Том 4. Богомолье
Шрифт:
Приходит Федя, говорит — церковь ходил глядеть и там шиповнику наломал — и дает нам с Анютой по кустику: «Будто от плащаницы пахнет, священными ароматами!» Видал лохматого старика, и на нем железная цепь, собачья, а на цепи замки замкнуты, идет — гремит; а под мышкой у него кирпич. Может, святой-юродивый, для плоти пострадания. Мужик говорит, что всякие тут проходят, есть и святые, попадаются. Один в трактире разувался, себя показывал, — на страшных гвоздях ходит, для пострадания, ноги в кровь. Ну, давали ему из благочестия, а он трактирщика и обокрал, ночевамши. Антипушка и говорит про Федю:
— Тоже спасается, ноги набил — и не разувается.
Мужик и спрашивает Федю, чего это у него на глазу, кровь, никак? Антипушка поднял с него картуз, а в картузе-то шиповник, натуго!
— Пойдемте навоз возить, будет вам тела пострадание!
Мы все смеемся, и Федя тоже.
Куда ни гляди — все рожь, — нынче хлеба богатые. Рожь высокая, ничего-то за ней не видно. Федя сажает меня на плечи, и за светло-зеленой гладью вижу я синий бор, далекий… — кажется, не дойти. Рожь расстилается волнами, льется, — больно глазам от блеска. Качаются синие боры, жаворонок журчит, спать хочется. Через слипшиеся ресницы вижу — туманятся синие боры, льется-мерцает поле, прыгает там Анюта… Горкин кричит: «Клади в тележку, совсем вареный… спать клопы не дали!..» Пахнет травой, качает, шуршит по колесам рожь, хлещет хвостом Кривая, стегает по передку — стег, стег… Я плыву на волнистом поле, к синим борам, куда-то.
— Ко крестику-то сворачивай, под березу!
Я поднимаю голову: темной стеною бор. Светлый лужок, в ромашках. Сидят богомольцы кучкой, едят ситный.

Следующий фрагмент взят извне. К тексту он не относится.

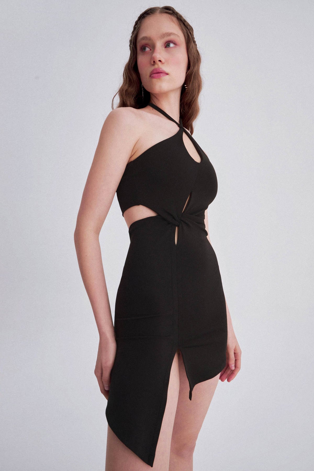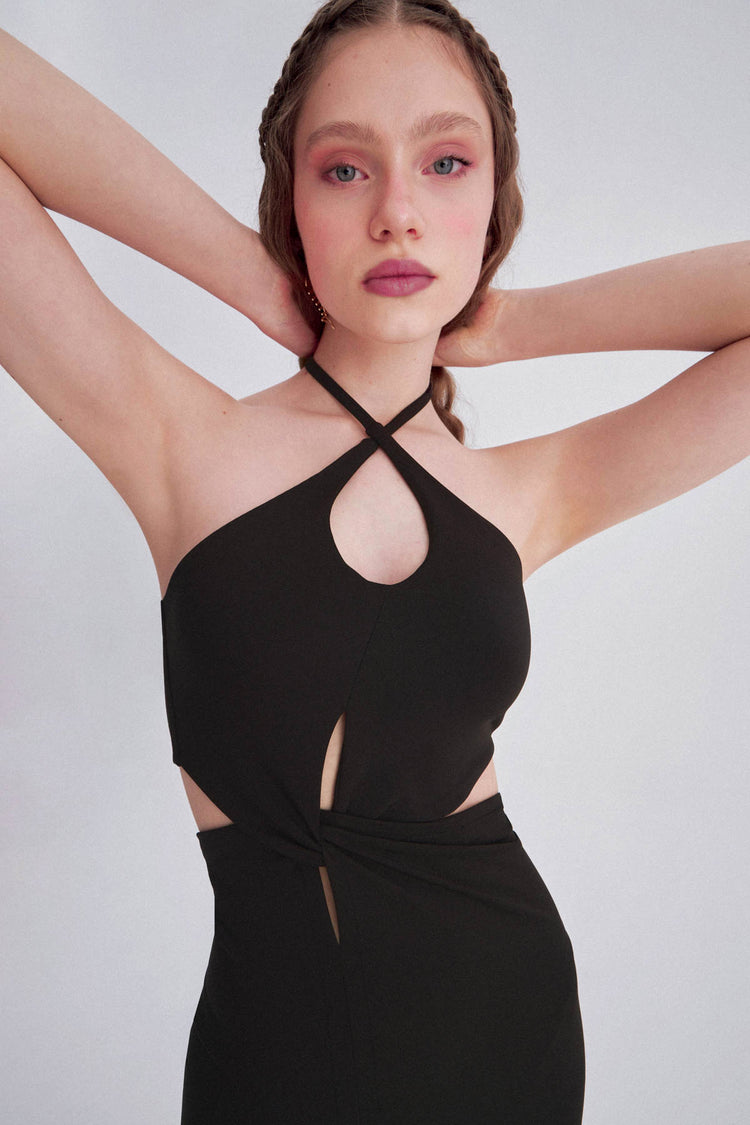 Siyah Asimetrik Detaylı Mini Elbise

Под старой березой — крест. Большая дорога, белая. В жарком солнце скрипят воза, везут желтые бочки, с хрустом, — как будто сахар. К небу лицом, лежат мужики на бочках, раскинув ноги. Солнце палит огнем. От скрипа-хруста кажется еще жарче. Парит, шея у меня вся мокрая. Висят неподвижно мушки над головой, в березе. Федя поит меня из чайника. Жесть нагрелась, вода невкусная. Говорят — потерпи маленько, скоро святой колодец, студеная там вода, как лед, — за Талицами, в овраге. Прыгает ко мне Анюта, со страшными глазами, шепчет: «Человека зарезали, ей-Богу!..» Я кричу Горкину. Он сидит у креста, разувшись, глядит на свою ногу. Я кричу — зачем зарезали человека?! И Анюта кричит: «Зарезали человека, щепетильщика!» Я не понимаю — какого «щепетильщика»? Горкин говорит:
— Чего, дурачок, кричишь?.. Никого не зарезали, а это крестик… Может, и помер кто. Всегда по дорогам крестики, где была какая кончина.
Анюта крестится и кричит, что верно, зарезали человека — щепетильщика!
— Бабушка знает… в лавочку заходили квасок пить! Зарезали щепетильщика… вот ей-Богу!..
Горкин сердится. Какого такого щепетильщика? с жары сбесилась? К ней Пристаюn Антипушка и Федя, а она все свое: зарезали щепетильщика! Подходит Домна Панферовна, еле передыхает, вся мокрая. Рассказывает, что зашли в Братовщине в лавочку кваску Попить, вся душа истомилась, дышать нечем… а там прохожий и говорит — зарезали человека-щепетильщика, с коробами-то ходят, крестиками, иголками вот торгуют, пуговками… Впереди деревушка будет, Кащеевка, глухое место… будто вчера зарезали паренька, в кустиках лежит, и мухи всего обсели… такая страсть!..
— Почитай каждый день кого-нибудь да зарежут, говорит. Опасайтесь…
— Во-он что-о… — тихо говорит Горкин и крестится. — Царство ему небесное.
Всем делается страшно. Богомольцы толпятся, ахают, поглядывают туда, вперед. Говорят, что теперь опасные все места, мосточки пойдут, овражки… — один лучше и не ходи. А Кащеевка эта уж известная, воровская. Вот и тут кого-то поубивали, крестик стоит, — ох, Господи! А за Талицами сейчас кресто-ов!.. Чуть поглуше где — крестик стоит.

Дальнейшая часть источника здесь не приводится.